Strengths include the attributes of the organization that would help achieve the project objective. These would also include the advantages of the result, profit it brings the organization, uniqueness of the project. Weaknesses would include the attributes of the organization that stop achievement of the project objective. Some of the factors which would come under this label are expertise unavailability, budget limitations and things to avoid in market feasibility. Opportunities are those external conditions that help achieve the project objective. It would cover to analyze the trends in market and its potential, technology and infrastructure development, market demand and R&D. Threats are the external conditions that could damage the project. Some of the factors in threats are environment, economy and its seasonal effects, obstacles with respect to field and feasibility to current market. Business model now a days also use TOWS which emphasizes the external environment, while SWOT focuses on the internal environment.

The SWOT analysis is typically conducted using a four square template where one would list down all the Strengths, weaknesses, Opportunities and Threats in each box. This is achieved through the brainstorming session among the group to capture the factors in each box respectively. Then a finalized version is created for review. This would help develop short-term and long-term strategies for the business/project. This would help us generate or maximize the positive influences on the business/project and minimize the negative influences. The SWOT analysis thus forms into a simple but useful framework for analyzing and kicking off the strategy formulation to make the project a successful one. One has to make sure when carrying out the SWOT analysis to be realistic and rigorous at right levels. Thus SWOT analysis forms into regular strategy meeting among the group to achieve what business requires at appropriate time.

Force Field Analysis

Force-field analysis is one of the primary principle used in business development, process management, decision making scenarios and social sciences and was found by one of the pioneer in the field of social sciences, Kurt Lewin. This has time and time proved many business models how powerful a simple methodology which overviews different forces acting on a potential change and for assessing their source and strength. The principle of force field analysis is that in any change/situation (driving forces) is at any given condition/point because of counterbalancing forces (restraining forces) are keeping it 

that way.

The driving forces are the forces acting on a situation that are supporting the state or condition and the restraining forces are those restraining the driving forces. The approach is to achieve the equilibrium in change situations – which is driving forces to be stronger than the restraining forces. Lewin’s model included 3 important steps. First one is unfreezing, which is reducing the strength of forces that has been maintaining the current equilibrium. Next one is moving, which develops new organizational values, attitudes, ideas that will help the situation move on. Final one is refreezing, which stabilizes the situation after the changes implemented.

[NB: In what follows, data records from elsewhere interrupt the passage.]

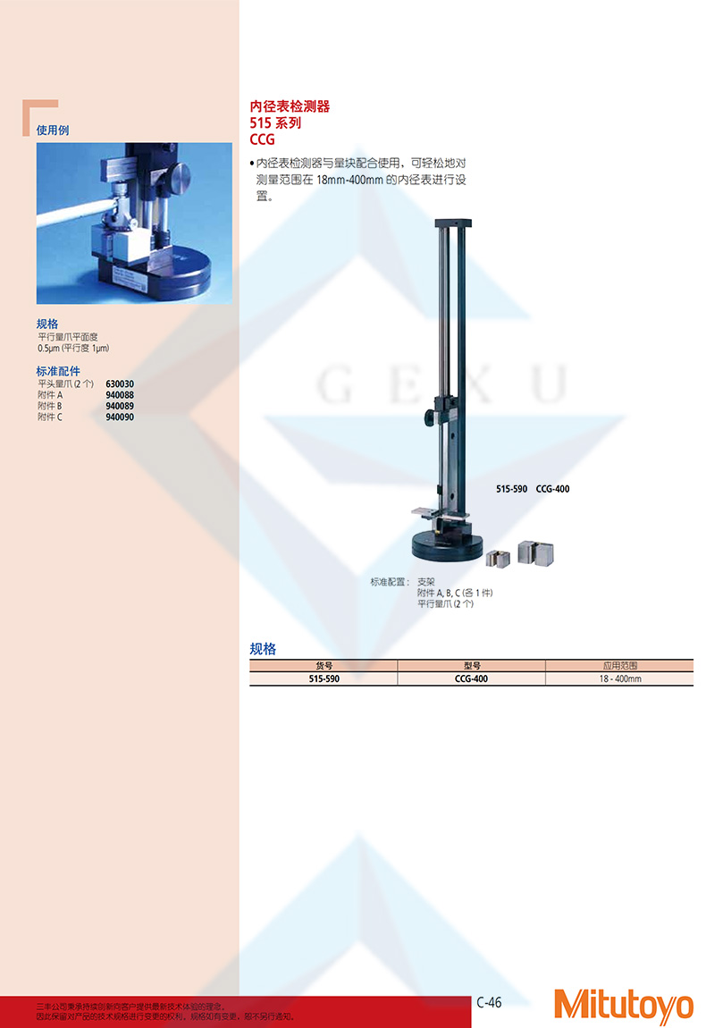 內(nèi)徑表檢測(cè)器515-590,CCG-400范圍18 - 400mm規(guī)格參數(shù)Specs
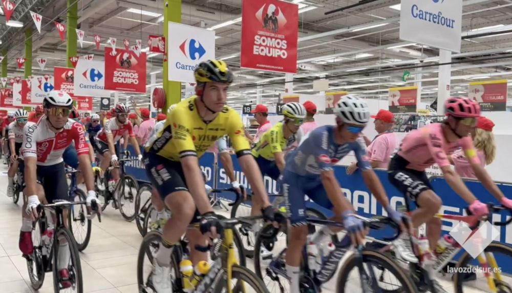 Vídeo | El paso del pelotón por los pasillos del Carrefour Sur de Jerez
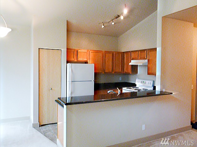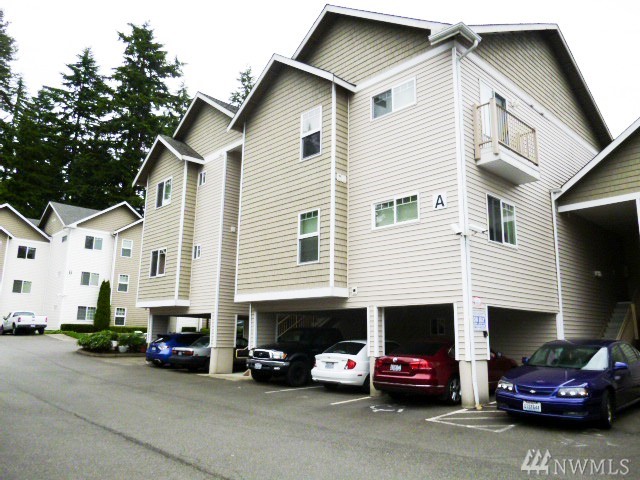 Excellent Location! FHA Approved. Great community tucked away from the hustle of Evergreen Way and adjacent to the Everett Golf and Country Club. Top floor unit with vaulted ceilings! Features include slab granite counters, all appliances including washer and dryer. Master bath. Electric fireplace.
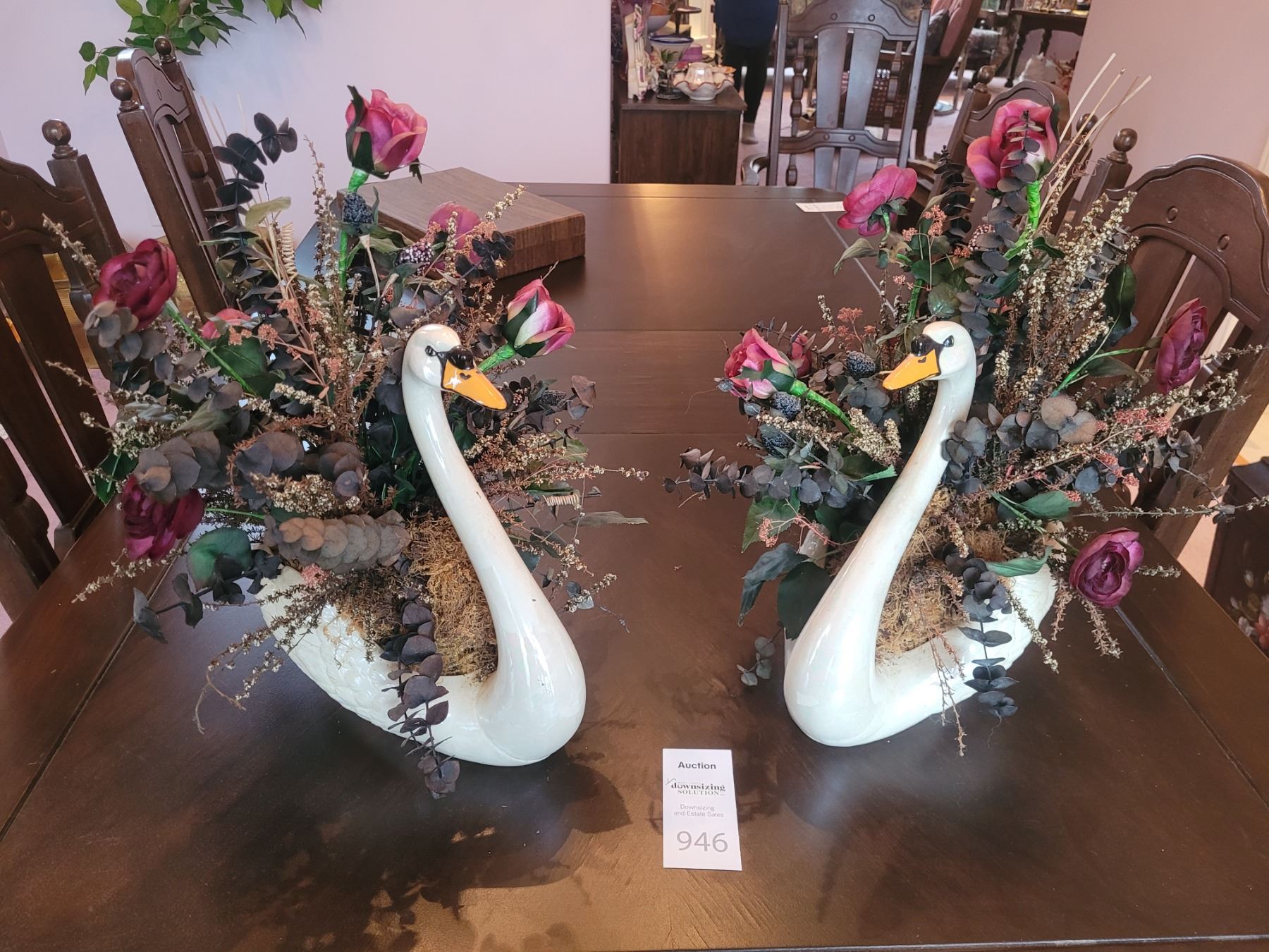 2 x ceramic swan containers for dried flower arrangements. Pickup at 9 am

The force field analysis process is implemented on a particular issue or change with the group of people analyzing the situation. The members of the group would identify and list down the driving and restraining forces affecting the issue or change which needs to be implemented. But the users need to define the target of change before outlining the forces affecting it. The target of change is written in the box and all the driving forces are written on it left side, while the resisting forces are written on the right side. The driving and resisting forces are then sorted out with the magnitude ranging from one (lowest) to five (highest). This would help the team to analyze the imbalance in the equilibrium. Then the team would researches around the forces and would determine the changes needed to strengthen then driving forces and weaken the restraining forces. This helps the team to record and review where there is consensus on an action or way forward. The team would finalize what actions/plan needs to be done/changed to achieve the situation/change intended. This Field-force analysis also helps to create alternate methods to support value based management eventually.

Portable Modular Data Center

Portable Modular Data Center (PMDC) is new approach to the modular and efficient data center solution and is the part of the IBM Data center family. This is done by taking the entire data center and building it inside the containers following ISO standard. It can be shipped easily across the countries or to other countries by truck, ship and in some unique cases through plane. Main reason to build it inside the container is it can be stored in controlled environment, thereby making its installation easier and also provide versatile movement for any purpose. This solves the problem to temporarily provide support to data center which might need expansion, recovery or replacement.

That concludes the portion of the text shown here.